| HOW TO COMPLETE THIS TASK |
From the data below, set down exactly the lines between the one holding "MoistureFinder Compact +" and the one holding "Do I have enough", inclusive, and no others.

| PROVIDED DATA |
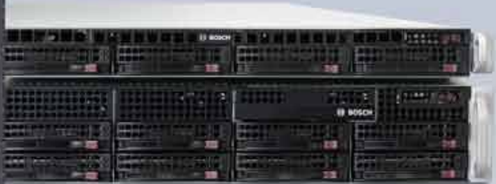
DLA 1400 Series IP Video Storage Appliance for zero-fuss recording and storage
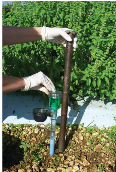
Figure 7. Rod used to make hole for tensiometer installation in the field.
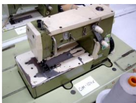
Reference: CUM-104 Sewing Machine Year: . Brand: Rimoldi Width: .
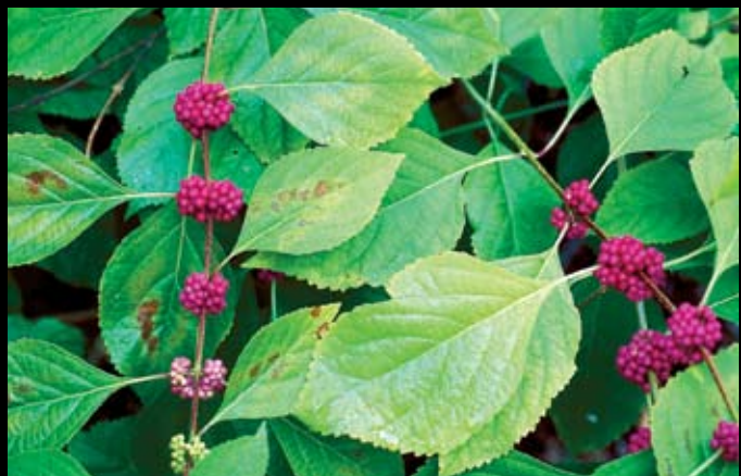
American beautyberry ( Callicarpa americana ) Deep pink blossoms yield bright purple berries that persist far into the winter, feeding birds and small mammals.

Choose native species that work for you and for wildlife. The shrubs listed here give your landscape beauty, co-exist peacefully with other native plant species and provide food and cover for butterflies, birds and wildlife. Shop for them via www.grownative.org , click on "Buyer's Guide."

---

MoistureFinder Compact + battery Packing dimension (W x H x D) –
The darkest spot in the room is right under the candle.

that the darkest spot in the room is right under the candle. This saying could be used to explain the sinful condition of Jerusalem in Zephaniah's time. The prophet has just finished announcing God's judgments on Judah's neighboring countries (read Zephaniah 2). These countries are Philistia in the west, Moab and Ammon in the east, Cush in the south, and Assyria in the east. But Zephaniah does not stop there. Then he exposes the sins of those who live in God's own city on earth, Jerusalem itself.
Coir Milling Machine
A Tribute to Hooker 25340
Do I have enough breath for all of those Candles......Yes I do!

--

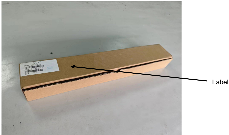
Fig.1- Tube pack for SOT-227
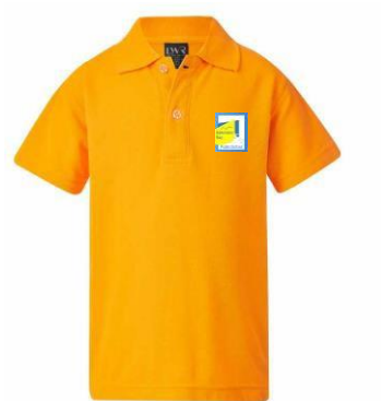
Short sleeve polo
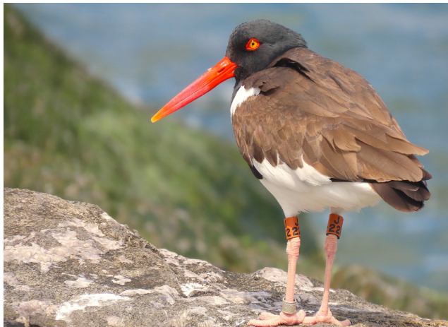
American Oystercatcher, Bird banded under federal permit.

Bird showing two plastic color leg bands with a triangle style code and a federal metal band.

| REPLY TO THE TASK |
MoistureFinder Compact + battery Packing dimension (W x H x D) –
The darkest spot in the room is right under the candle.

that the darkest spot in the room is right under the candle. This saying could be used to explain the sinful condition of Jerusalem in Zephaniah's time. The prophet has just finished announcing God's judgments on Judah's neighboring countries (read Zephaniah 2). These countries are Philistia in the west, Moab and Ammon in the east, Cush in the south, and Assyria in the east. But Zephaniah does not stop there. Then he exposes the sins of those who live in God's own city on earth, Jerusalem itself.
Coir Milling Machine
A Tribute to Hooker 25340
Do I have enough breath for all of those Candles......Yes I do!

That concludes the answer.